* EXERCISE DATA
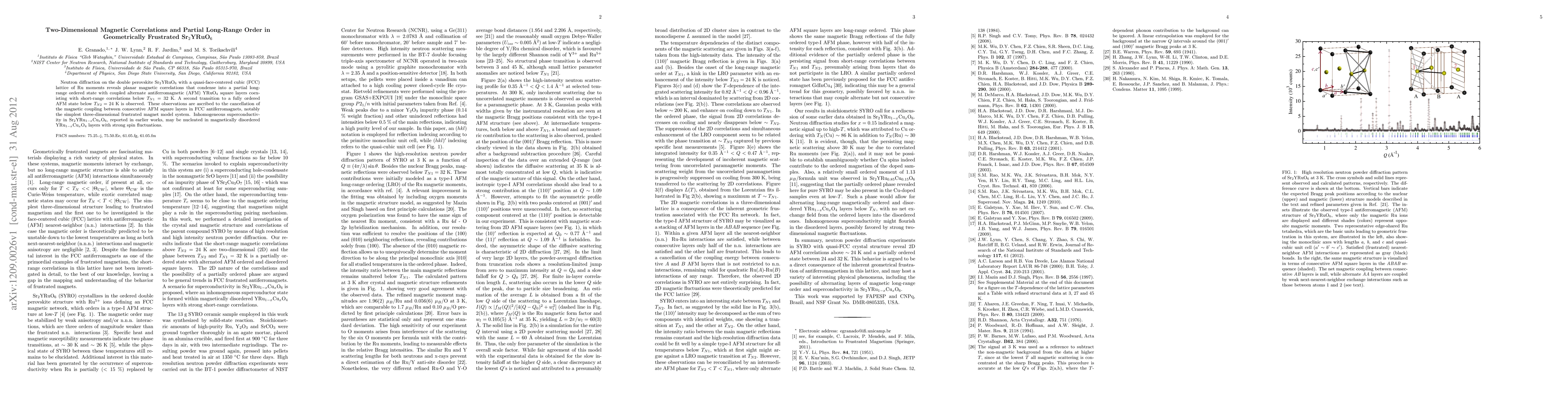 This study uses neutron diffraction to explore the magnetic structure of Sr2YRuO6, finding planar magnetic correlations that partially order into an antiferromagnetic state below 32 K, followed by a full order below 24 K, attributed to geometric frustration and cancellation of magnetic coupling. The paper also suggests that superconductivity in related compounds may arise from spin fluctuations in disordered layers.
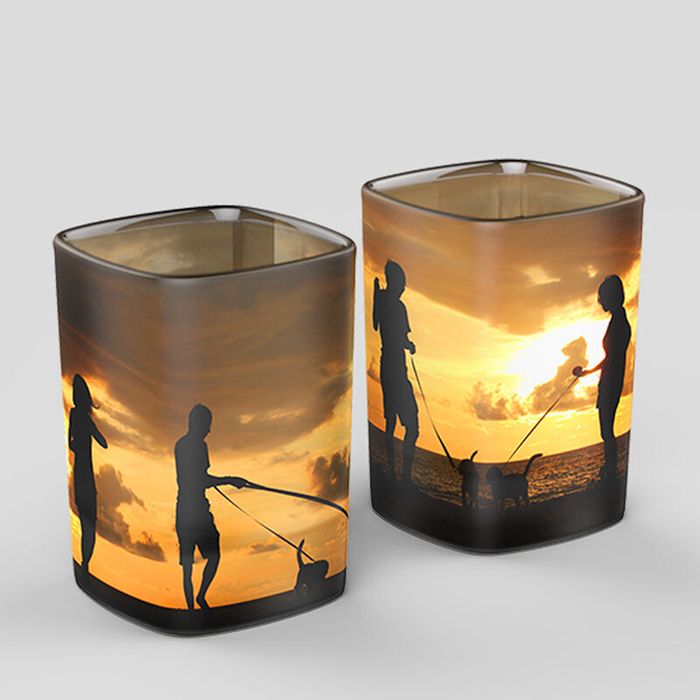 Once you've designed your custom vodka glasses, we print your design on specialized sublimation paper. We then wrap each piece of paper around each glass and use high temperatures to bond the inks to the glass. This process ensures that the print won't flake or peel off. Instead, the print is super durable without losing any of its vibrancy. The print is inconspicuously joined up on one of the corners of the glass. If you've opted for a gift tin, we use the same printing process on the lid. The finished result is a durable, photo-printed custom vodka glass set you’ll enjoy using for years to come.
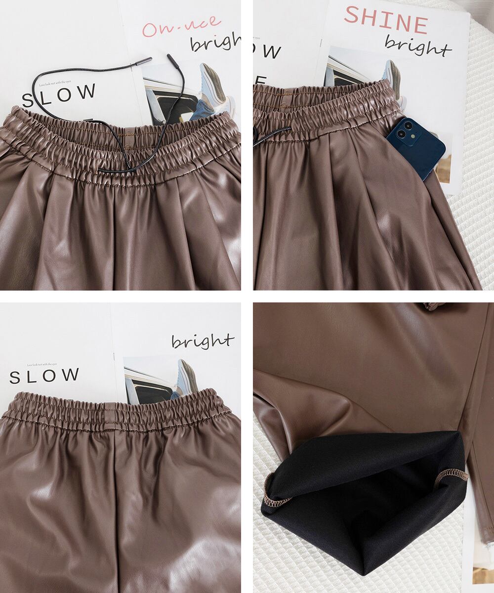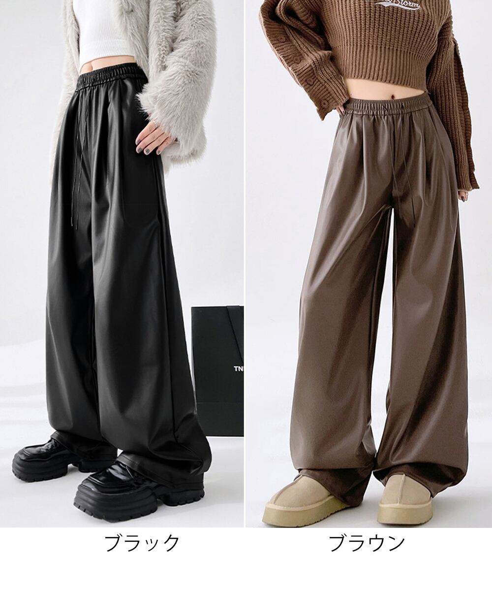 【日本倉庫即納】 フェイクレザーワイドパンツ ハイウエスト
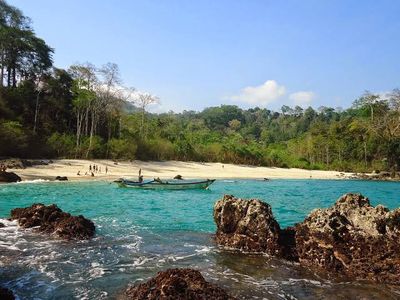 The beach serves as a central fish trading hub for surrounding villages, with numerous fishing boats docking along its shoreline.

---

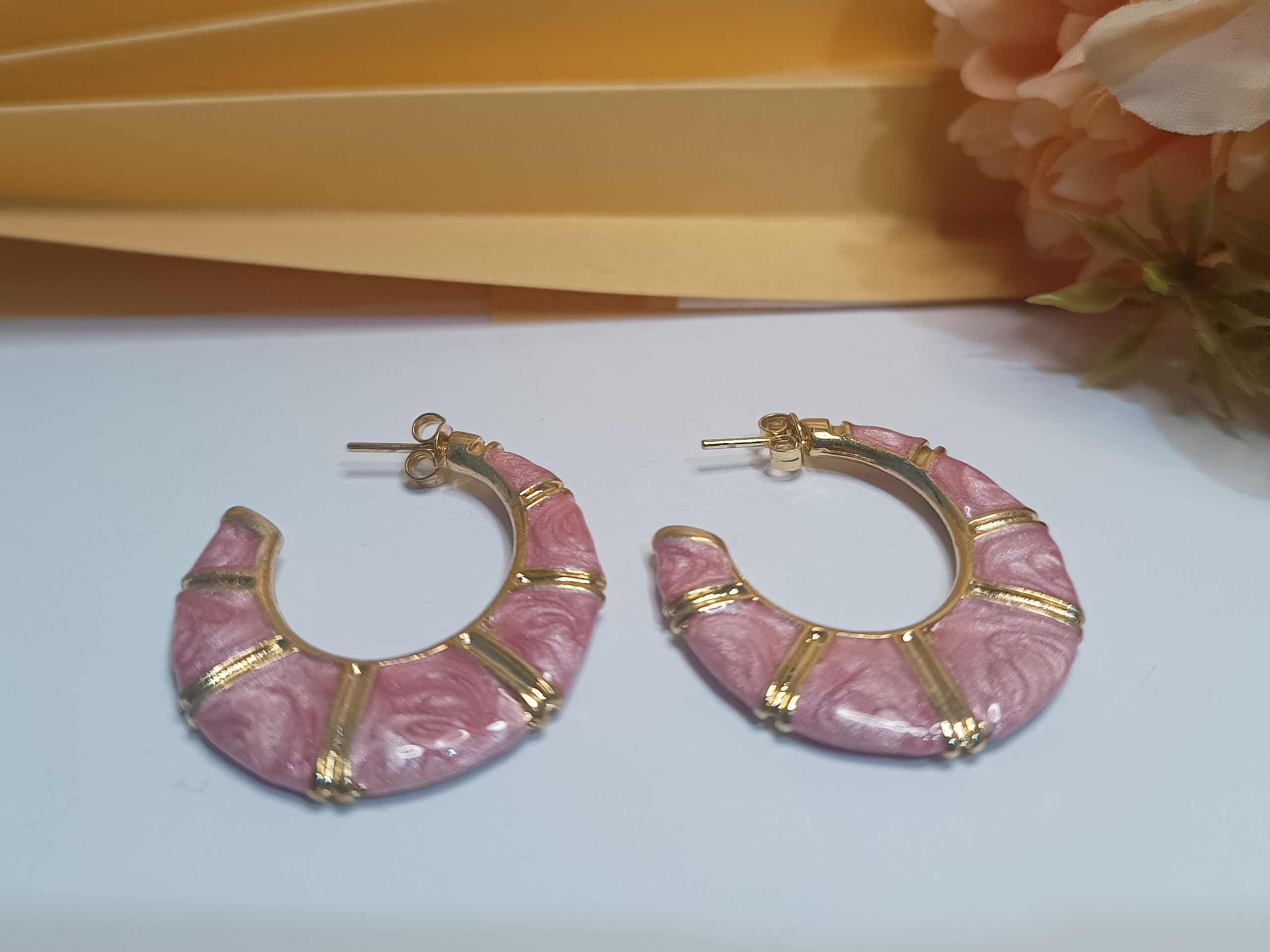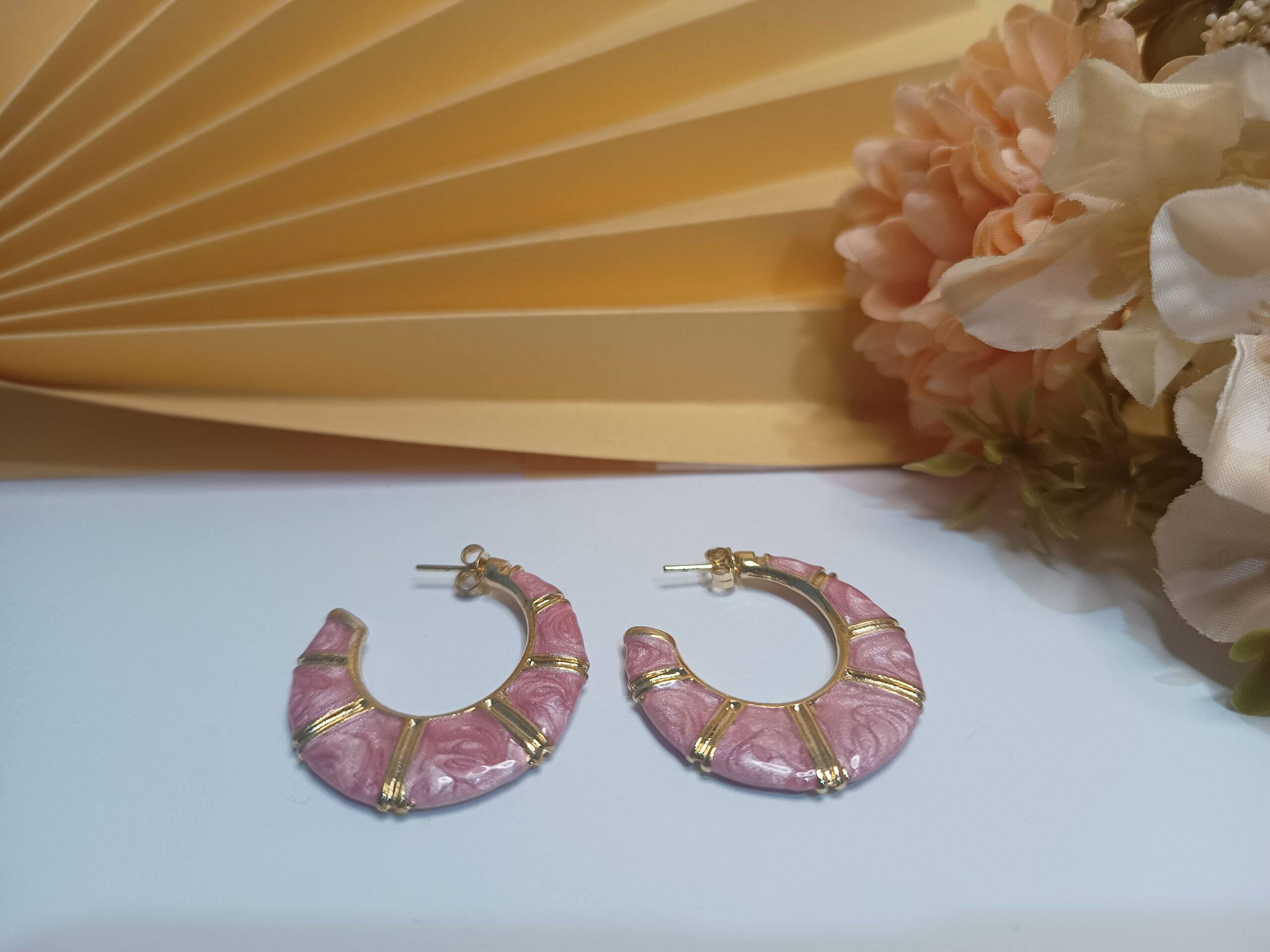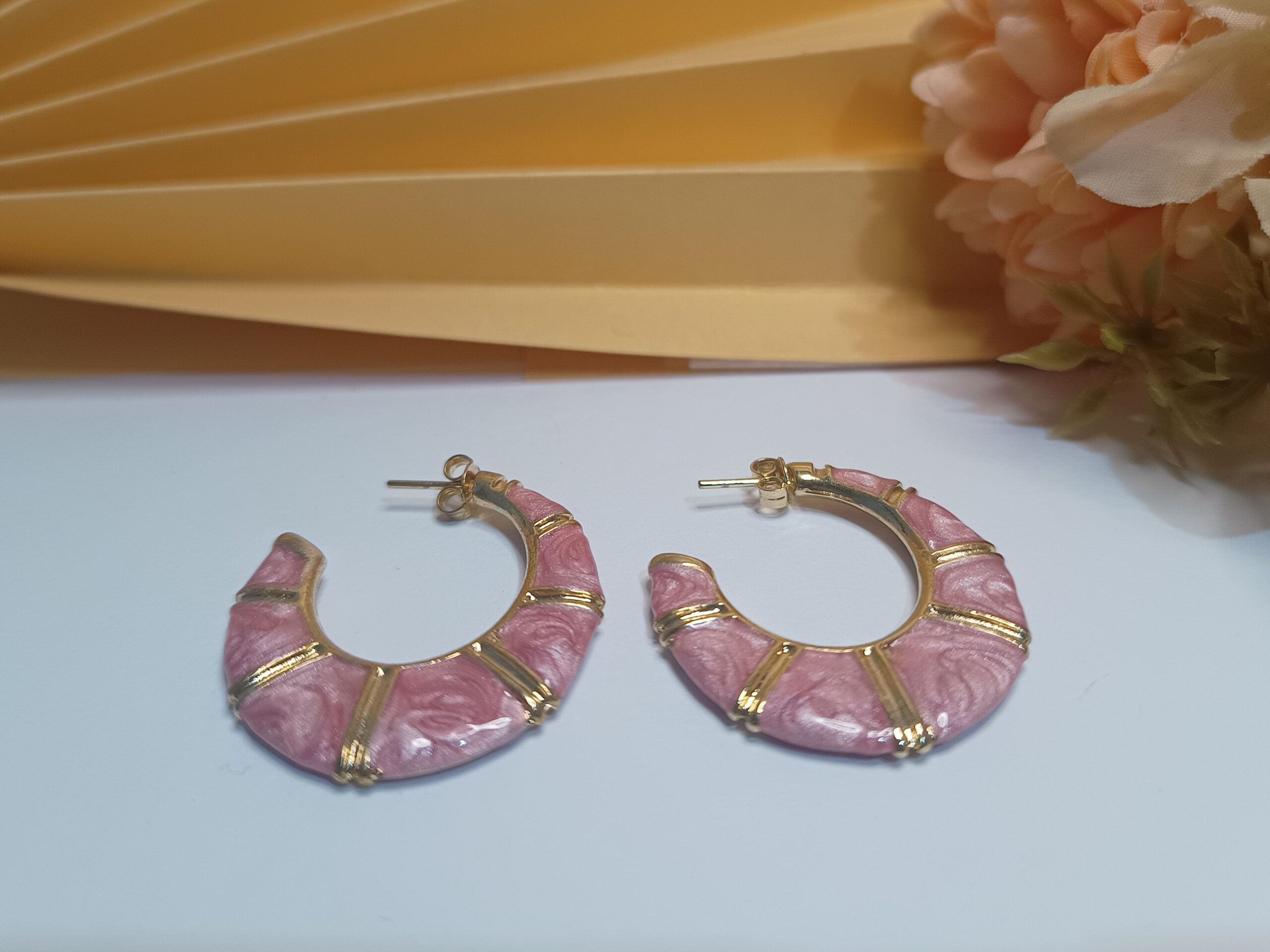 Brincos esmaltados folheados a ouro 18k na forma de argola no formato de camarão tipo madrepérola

==

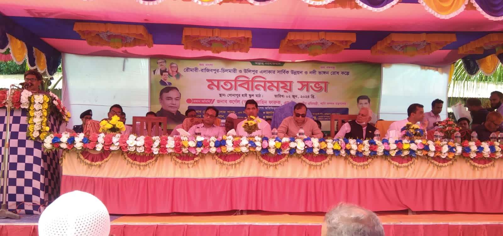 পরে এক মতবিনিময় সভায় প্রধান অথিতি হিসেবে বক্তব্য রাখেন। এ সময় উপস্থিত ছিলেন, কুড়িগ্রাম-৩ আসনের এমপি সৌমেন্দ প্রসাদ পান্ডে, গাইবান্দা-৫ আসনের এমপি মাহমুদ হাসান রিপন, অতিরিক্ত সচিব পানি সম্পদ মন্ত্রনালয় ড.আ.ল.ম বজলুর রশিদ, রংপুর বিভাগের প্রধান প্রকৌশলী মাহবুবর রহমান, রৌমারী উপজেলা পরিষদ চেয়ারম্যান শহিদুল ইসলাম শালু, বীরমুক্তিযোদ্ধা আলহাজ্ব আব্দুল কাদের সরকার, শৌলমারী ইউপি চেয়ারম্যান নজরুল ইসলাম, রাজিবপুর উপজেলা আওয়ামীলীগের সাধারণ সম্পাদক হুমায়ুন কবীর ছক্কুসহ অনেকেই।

* WORK ITEM
The stretch above running from the line with "This study uses" through the line with "The beach serves" is all you should copy, exactly, leaving out the pictures.

* ANSWER TO THIS EXERCISE
 This study uses neutron diffraction to explore the magnetic structure of Sr2YRuO6, finding planar magnetic correlations that partially order into an antiferromagnetic state below 32 K, followed by a full order below 24 K, attributed to geometric frustration and cancellation of magnetic coupling. The paper also suggests that superconductivity in related compounds may arise from spin fluctuations in disordered layers.
 Once you've designed your custom vodka glasses, we print your design on specialized sublimation paper. We then wrap each piece of paper around each glass and use high temperatures to bond the inks to the glass. This process ensures that the print won't flake or peel off. Instead, the print is super durable without losing any of its vibrancy. The print is inconspicuously joined up on one of the corners of the glass. If you've opted for a gift tin, we use the same printing process on the lid. The finished result is a durable, photo-printed custom vodka glass set you’ll enjoy using for years to come.
 【日本倉庫即納】 フェイクレザーワイドパンツ ハイウエスト
 The beach serves as a central fish trading hub for surrounding villages, with numerous fishing boats docking along its shoreline.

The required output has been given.